FREE WHITEWATER

Spoken and Unspoken



A man returns from a fishing tournament, and his acquaintances ask him how he did.

“Great! Phenomenal! Spectacular! Amazingly, astoundingly well!” he declares. “I caught three fish,” he says.

Someone standing nearby is familiar with the tournament, and asks a question.

“Weren’t you that one contestant who had help to catch his fish, and besides, wasn’t the winning amount actually twenty fish?”

To which the man replies, “Oh, yeah. there’s that, too.”

Spoken:

CDA Assists D.R. Plastics with Whitewater Expansion and New Jobs

The Whitewater Community Development Authority (CDA) is pleased to announce that D. R. Plastics, a recycler of plastic products located at 814 E. Commercial Avenue in the Whitewater Business Park, is expanding and is the recipient of a $150,000 business loan from the CDA. The CDA loan will be used by D.R. Plastics to acquire new machinery that will allow for the creation and maintenance of eight new jobs at the firm’s Whitewater location. “We are pleased that we are able to expand our Whitewater operations with the financial assistance of the Whitewater Community Development Authority” stated Russ Blakeley, D.R. Plastics President. “This loan has allowed our firm to purchase new machinery and equipment to not only add employees but also to improve our market position. Whitewater is a good place to do business.” The Whitewater Community Development Authority operates a business development low interest loan fund that can assist Whitewater companies meet facility, machinery and equipment needs. Businesses must agree to create and maintain jobs for a certain period of time in order to qualify for these loans.

See, City Manager’s Weekly Report, 1.21.11

Unspoken:

The concern that receives a one-hundred fifty thousand dollar Whitewater Community Development Authority loan is reported — twice — as being connected to a million-dollar Delavan deal. See, Whitewater developer pays $1 million for Delavan Industrial Park properties and Premier Pays $1M for Delavan Industrial.

Here’s a question: Are those stories wrong?

See, also, Wisconsin Department of Financial Institutions records on Premier and D.R. Plastics.

A few additional remarks:

Favorable Terms Over the Market?

Why wouldn’t a business looking for a loan avail itself of a lender from the private market? Presumably there’s something preferable about a public loan. One typically goes where one finds easier terms. That’s good for the borrower, but bad for the public, as it means they’re subsidizing a borrower who takes preferable-over-market terms.

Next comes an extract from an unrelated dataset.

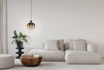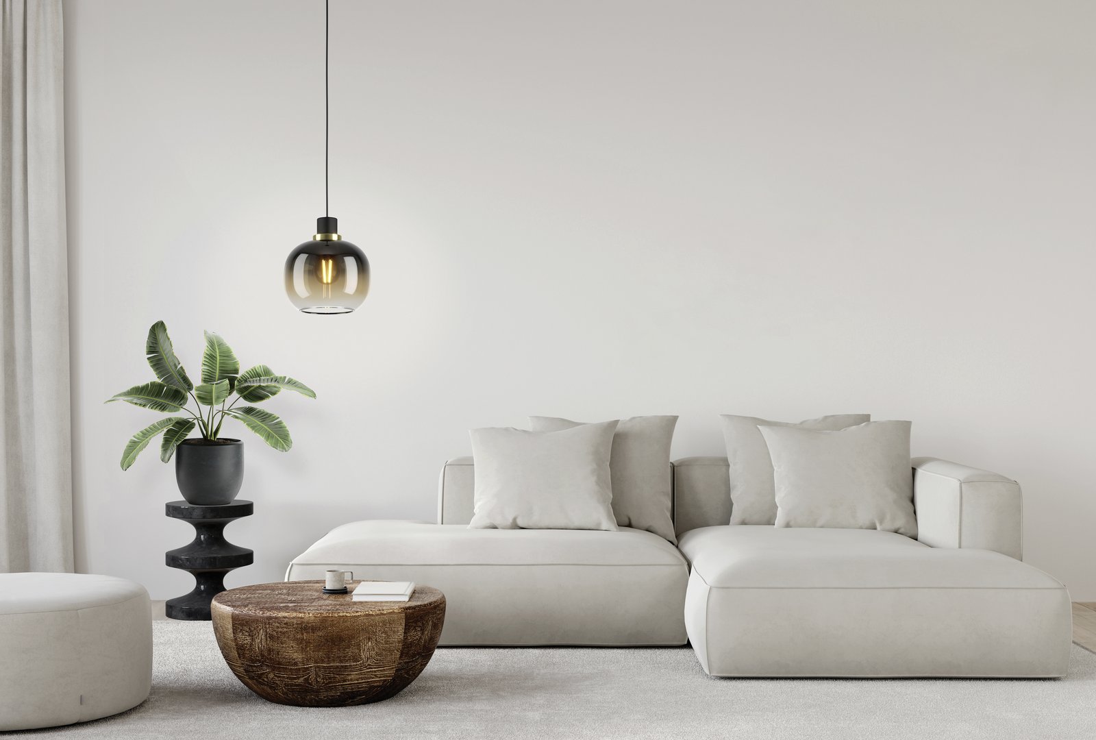 Nowoczesne lampy wiszące Oiella nadają się do kuchni i jadalni, ale także do salonów. Podstawa wykonana jest ze stali w kolorze czarnym i mosiądzu, a klosz ze szkła w kształcie kuli. |

Are there any progressives on the Community Development Authority?

It’s not simply a rhetorical question.

For progressives: do you really think that $150,000 for a few jobs from this business is the best expenditure for Whitewater’s development? Could it even be the third, fifth, or tenth best option? No matter how many conditions that you place on those hoped-for jobs, there are a hundred greater needs in Whitewater’s business community, a hundred greater needs for her workers.

Using a similar lending cure for all of Whitewater’s unemployment would cost taxpayers millions to replace the jobs we’ve recently lost.

The CDA has already spent huge sums, and all it got for it was a (soon-to-be) distressed tax incremental district.

Are there any conservatives on the Community Development Authority?

It’s not simply a rhetorical question.

For conservatives: is it all public project after public project, for you? That’s hardly conservatism; it’s a reactionary mercantilism. It does afford this advantage, for the loss of principle: One gets to be a small-town squire, a big fish in a small pond, doling money that others earned, by consequence making oneself important.

Be clear — in private life, relying only on voluntary transactions, many municipal projects would certainly have been rejected, rightly, as foolish.

Situational ethics?

Are all the dodgy stats, jumbled claims, and misleading arguments of a career bureaucrat made legitimate because he declares himself acting for the good of all?